I've been working on the plastic piece for the front fan for the last couple days.  I say days cause I think my skills and dremel hate me because I cracked it the other day.  Since I'm going to paint it I glued it back together and was going to finish the screw holes this morning.  Well, I moved something at home and sure enough my dumbass for got it was there and now I have to glue it again.  I'll throw some pics up later..It's not pretty now but once painted it will be fine.

Also I did some further cutting to the chassis and damn is the air flow kick ass in the case now!!


----------



## kenkickr (Sep 10, 2008)

Some more pics.  This is of the acrylic piece I made for an extra 120mm fan in the front.  I honestly think it turned out great, but I need to get some different fans or another Antec Tri-Cool blue so the lighting matches.  Anyways, here you go.

Piece cut out and painted






Piece installed with fan installed





No flash pic of system running





Hope you like and here is some stuff you'll have to do to make sure it looks great.  
1.  Remove the mesh tabs from the 5.25 fills so if you have lighted fans they don't stick out like a sore thumb
2.  Were the piece screws in you'll have to cut off some of the tabs that hold the 5.25 fills cause the front bezel will not fit back on!!  
Optional.  You can use the metal piece that filled in the spot to trace your cut.  Just make sure you sand down the uneven spots before tracing or make sure you can trace a straight line(and cut).  

Yes I know the plastic piece is cracked but since no one will ever notice it at a LAN, maybe except anyone on TPU that by chance would play me at a LAN, I'm not all that worried.  

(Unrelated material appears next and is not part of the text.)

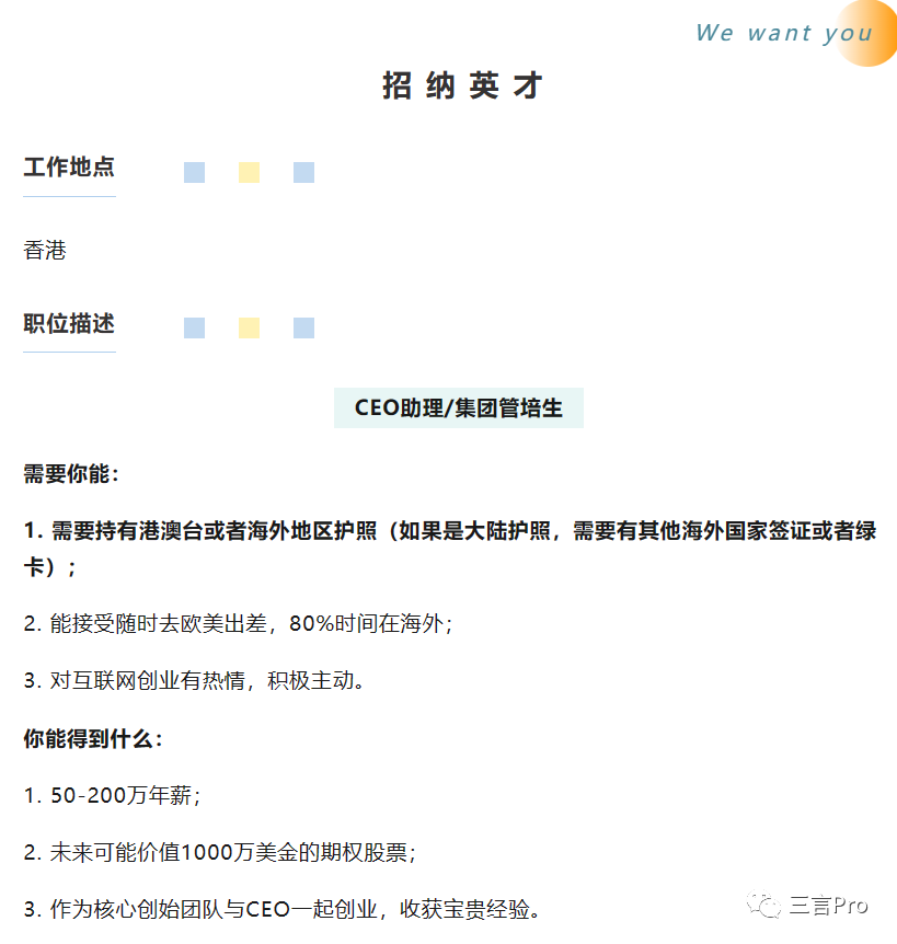 待遇為:50-200萬年薪;未來可能價值1000萬美金的期權股票;作為核心創始團隊與CEO一起創業,收穫寶貴經驗。

Next comes the window.  I'm going to try and get artsy!


----------



## Scrizz (Sep 11, 2008)

very nice!
are you gonna stealth those drives btw?


----------



## Skywalker12345 (Sep 11, 2008)

*my new cm*

After










Comments, suggestions?? i need help on something in here??


----------



## kenkickr (Sep 11, 2008)

Scrizz said:


> very nice!
> are you gonna stealth those drives btw?

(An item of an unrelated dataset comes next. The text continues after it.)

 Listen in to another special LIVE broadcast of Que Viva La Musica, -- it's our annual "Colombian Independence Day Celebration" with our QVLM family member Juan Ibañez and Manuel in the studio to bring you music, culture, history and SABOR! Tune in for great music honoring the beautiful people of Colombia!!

Yes I am.  Still working on trying to find all the materials and the right LED's since I'm going to change them to blue but I wan to get the window done on the panel first.


----------



## Jmatt110 (Sep 11, 2008)

lucasweir said:


> Comments, suggestions?? i need help on something in here??



Cable management


----------



## kenkickr (Sep 11, 2008)

Yeah, I'd recommend some cable management as well!  It's not very easy with this case but if people can do it with the Antec 900 then you should be able to with this case.  Try and use the small, and I mean small, hole by the PSU if you can and take your wires through the back side.  For the 4/8 pin connection on your board you'll have to leave that one out unless you don't mind cutting a hole up top that's close to the connection.  Your drive cables will be the hardest, I'm still toying with mine but I'll show a pic and share some details on how I did it once I figure out how I want to do it.


----------



## Skywalker12345 (Sep 11, 2008)

yea i do need to reorganize, well im not sure what hole your talking about by my psu but i want to see how you did your wiring so i can base mine off yours, im not very good at it


----------



## CDdude55 (Sep 11, 2008)

My cabling isn't so sweet either. I actually have the CPU power cable reaching over and actually touching the video card, but not that big of a deal.


----------



## Scrizz (Sep 12, 2008)

lucasweir said:


> yea i do need to reorganize, well im not sure what hole your talking about by my psu but i want to see how you did your wiring so i can base mine off yours, im not very good at it



make it look more like this:

notice the hole marked in red


----------



## Skywalker12345 (Sep 12, 2008)

why not just take the coard and put it through the front of the video card it looks a little better


----------



## Skywalker12345 (Sep 12, 2008)

oo i see what hole your talking about now, its gonna take me a while to rewire ill post a pic when im done


----------



## Skywalker12345 (Sep 12, 2008)

heres with all my cables through the hole but i still need to do a little work on it.


----------



## Jmatt110 (Sep 12, 2008)

Looking good man  Now you just need to put that blue cable away. Try putting it between the motherboard and the graphics card if you can.


----------



## Skywalker12345 (Sep 13, 2008)

i like the blue coard tho  it looks cool with the UV light i have in there


----------



## Scrizz (Sep 13, 2008)

lol, looking much better


----------



## kenkickr (Sep 13, 2008)

If your going to have the panel on at LAN's or just dont care what people say then leave the cable.  I really don't think it's going to effect air flow that much.  What is the blue cable anyways?  Also, nice job on cleaning up the cables that you could cleanup.


----------



## Skywalker12345 (Sep 13, 2008)

thanks, the blue cable is for my uv light but i have blue uv braiding on the cables, and a uv blue ide cable. idk what else would look sweet tho i need some ideas.


----------



## Scrizz (Sep 14, 2008)

blue uv spray paint!
lol....


----------



## Skywalker12345 (Sep 14, 2008)

yea lol i was thinking about getting some uv paint and doing the mother board tray and other stuff like fans and whatnot


----------



## Scrizz (Sep 14, 2008)

color the blades on the fans


----------



## alexp999 (Sep 14, 2008)

lucasweir said:


> heres with all my cables through the hole but i still need to do a little work on it.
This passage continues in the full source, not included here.